Crime policy has been an area of perennial concern for the Harper government and its base. In 2014, Public Safety Minister Stephen Blaney suggested that all convicted criminals (even those convicted of minor offenses) should be imprisoned — but no one believes that is actually possible. The government has also passed empty bills on sentencing and the protection of police animals which will have almost no practical effect on the judicial process. The Harper government has implemented a number of substantive crime bills, but it is just as often rhetoric and public messaging that have altered the purpose and nature of our judicial process in the eyes of Canadians. Policies that encourage rehabilitation and reintegration have been all but subsumed by the need to punish and imprison.
Canada’s commitment to foreign aid has also been hollowed out. While ostensibly we continue to support efforts to reduce global poverty, the merger of the standalone Canadian International Development Agency into the Department of Foreign Affairs and International Trade represented the Harper government’s transformation of foreign aid into a mechanism for resource development. Countries that accept our aid, now must also accept the presence of the Canadian extractive industry, often including companies with a history of human rights abuses and failure to comply with environmental standards.
While foreign affairs is a policy area where reliance on rhetoric is common, critics argue that the Harper decade has been marked by foreign posturing and domestic pandering at the expense of good diplomacy and our international reputation. We can point to many examples — the extravagant, unconditional support of Ukraine springs to mind.
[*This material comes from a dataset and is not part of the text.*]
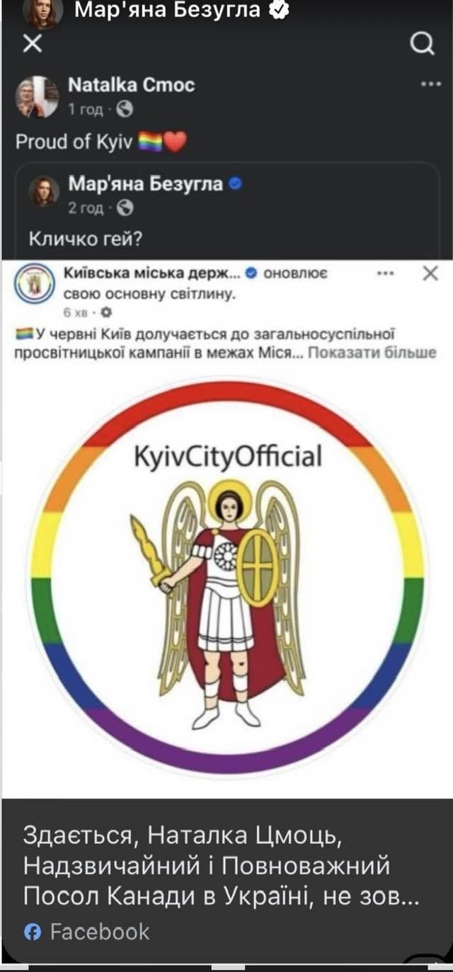 Між народною депутаткою Мар’яною Безуглою та посолкою Канади в Україні Наталкою Цмоць розгорівся публічний конфлікт у соцмережах через символіку ЛГБТ-спільноти, яку Київська міська адміністрація додала до свого герба на знак підтримки Місяця гордості.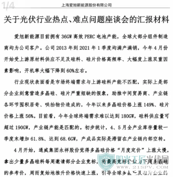 對于近期的硅料價格高幅度拉升,行業(yè)企業(yè)接連漲價的背景之下,今日,愛旭股份發(fā)布一篇《關(guān)于光伏行業(yè)熱點(diǎn)、難點(diǎn)問題座談會的匯報材料》的文章,引發(fā)行業(yè)關(guān)注與熱議。

Harper’s proclamation was welcomed by the large diaspora of Ukrainian Canadians, but dismissed by international powers as bluster from a military lightweight. Or Israel – where Canada’s official stance on issues such as Israeli settlements in occupied territories, the status of East Jerusalem, or the rights of Palestinian refugees to return, has not changed, but Harper’s public statements and Canada’s staunch support of Israel at the UN suggest we are fully aligned with the most right-wing government in Israeli history. Harper has also taken action to negate criticism of the state of Israel at home, even accusing detractors of anti-Semitism. Commentators are quick to note that Harper’s noisy and controversial rhetorical posturing in the Middle East has not only damaged our international standing, but has helped to entrench the mutually destructive status quo in Israel/Palestine.
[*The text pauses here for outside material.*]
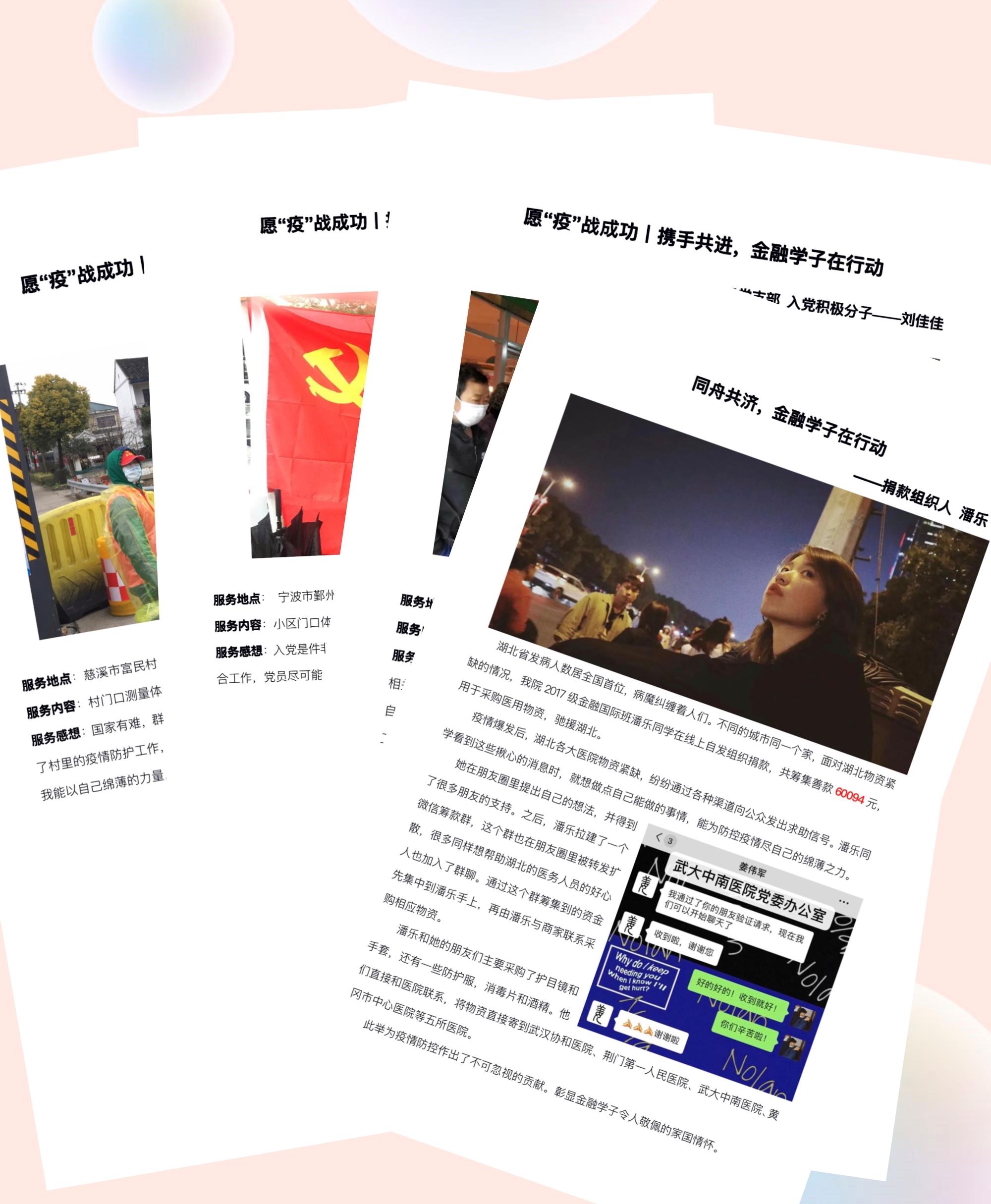 五、致敬榜样力量,宣传在疫情防控工作中涌现的先进典型和感人事迹。学院2017级金融国际班潘乐同学在线上自发组织捐款,共筹集善款6万余元,采购护目镜、手套、防护服等急缺医疗物资,寄往武汉协和医院、荆门第一人民医院、武大中南医院、黄冈市中心医院。本科生第二党支部党员阮佳伊、本科生第四党支部党员朱昊磊、研究生第四支部党员单瑶佳投身抗疫志愿服务工作,在所辖地社区主动扛起疫情防控责任。本科生第二党支部入党积极分子刘佳佳在党员父亲的带领下,向当地社区捐赠了口罩、测温仪等物品,协助政府部

Though Canada has changed, it is our belief that Canadians have not.
Ten years on, the Conservative party’s finely crafted and meticulously calculated campaign has begun to show cracks, revealing a suffocating dependence on fear, callousness, and blinding self-interest.
Canadians are looking for a different approach. One that embraces diversity and understands what we can achieve together. One that recognizes social inequality to be a real problem that requires our collective efforts to solve. One that does not project fear of the unknown but explores possibilities with a sense of optimism and ingenuity.
On Monday, it is our hope that others will feel the same, and choose to reorient our nation towards a more inclusive, tolerant, and imaginative future.